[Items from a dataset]
********************

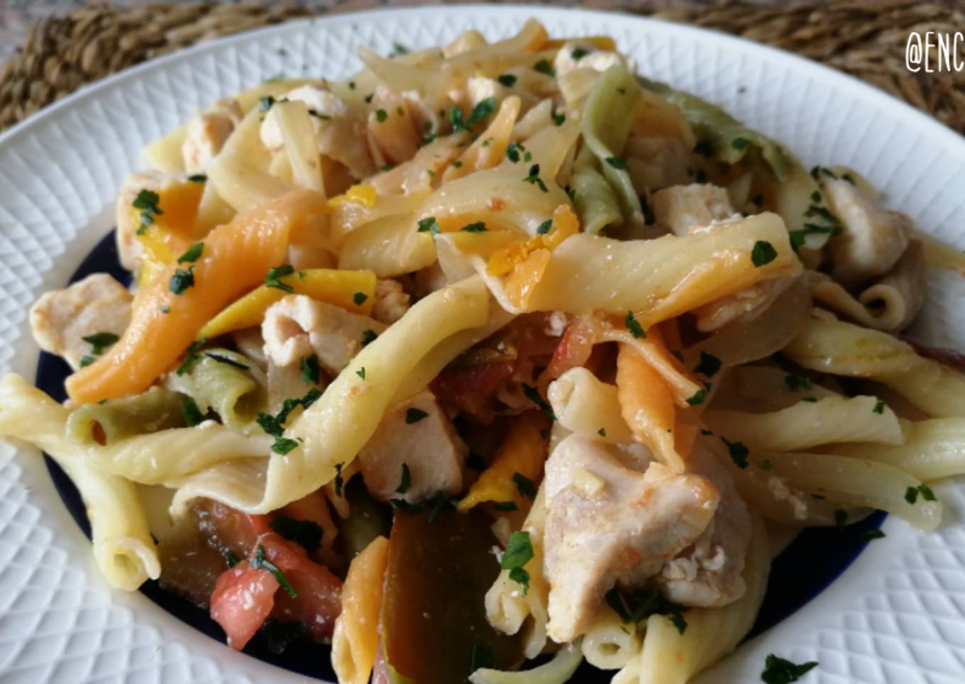 Strozzapreti tricolor con pollo, tomate y cebolla
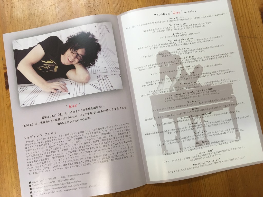 パンフレットには一曲ごとの解説がありました。これはアレヴィ氏がイタリアのコンサートで演奏をする時に「気持ちを集中させるために」少しだけお話をされる内容を、日本語に訳したものです。この日本語訳は日本盤『LOVE』や『HIS BEST』のライナーノーツにも一部書かれています。また、イタリアで発売されている『Allevilive』(2007 Bollettino Edizioni Musicali Srl)には、演奏前のアレヴィ氏のコメントも明瞭に録音されているので、ご興味のある方はお手に取られてみてください。
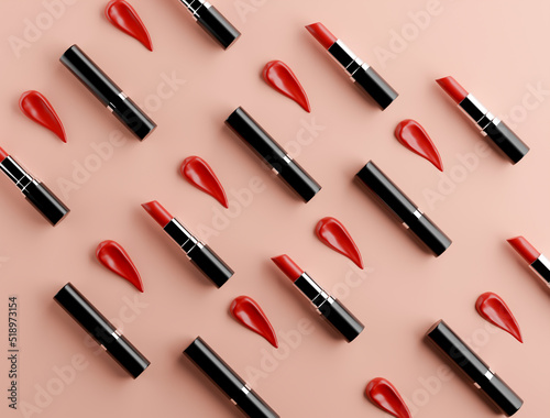 © harit, Obraz premium 3d illustration. Cosmetic lipstick mockup of various styles
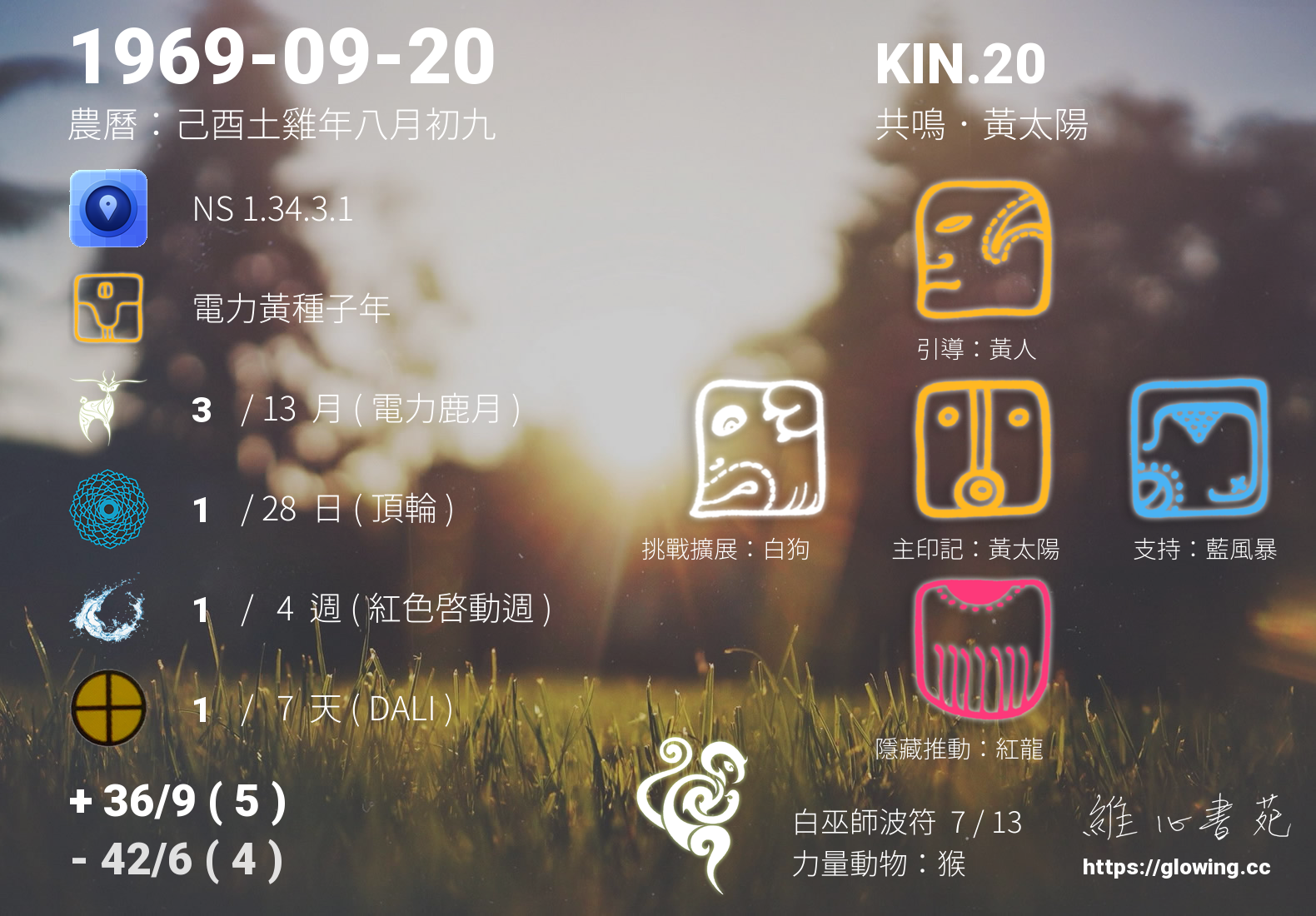 我們可以稱 KIN 20 為 【共鳴黃太陽】 、 【共鳴的黃太陽】 、 【白巫師波符 之 共鳴黃太陽】 也可以是 【共鳴黃太陽.白巫師波符】 ,你比較喜歡哪一個稱號呢?
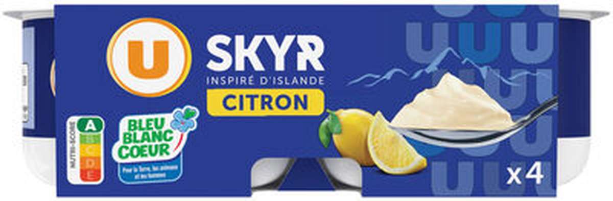 LAIT ÉCRÉMÉ pasteurisé 90%, sucre 4,9%, purée de citron 2,5%, amidon transformé de maïs, jus concentré de citron, arômes naturels, denrée alimentaire colorante : concentré de carthame, ferments (dont LAIT).

********************

Exercise – Could you please repeat the entries above exactly, with every picture left out?

Answer to this task –
 Strozzapreti tricolor con pollo, tomate y cebolla
 パンフレットには一曲ごとの解説がありました。これはアレヴィ氏がイタリアのコンサートで演奏をする時に「気持ちを集中させるために」少しだけお話をされる内容を、日本語に訳したものです。この日本語訳は日本盤『LOVE』や『HIS BEST』のライナーノーツにも一部書かれています。また、イタリアで発売されている『Allevilive』(2007 Bollettino Edizioni Musicali Srl)には、演奏前のアレヴィ氏のコメントも明瞭に録音されているので、ご興味のある方はお手に取られてみてください。
 © harit, Obraz premium 3d illustration. Cosmetic lipstick mockup of various styles
 我們可以稱 KIN 20 為 【共鳴黃太陽】 、 【共鳴的黃太陽】 、 【白巫師波符 之 共鳴黃太陽】 也可以是 【共鳴黃太陽.白巫師波符】 ,你比較喜歡哪一個稱號呢?
 LAIT ÉCRÉMÉ pasteurisé 90%, sucre 4,9%, purée de citron 2,5%, amidon transformé de maïs, jus concentré de citron, arômes naturels, denrée alimentaire colorante : concentré de carthame, ferments (dont LAIT).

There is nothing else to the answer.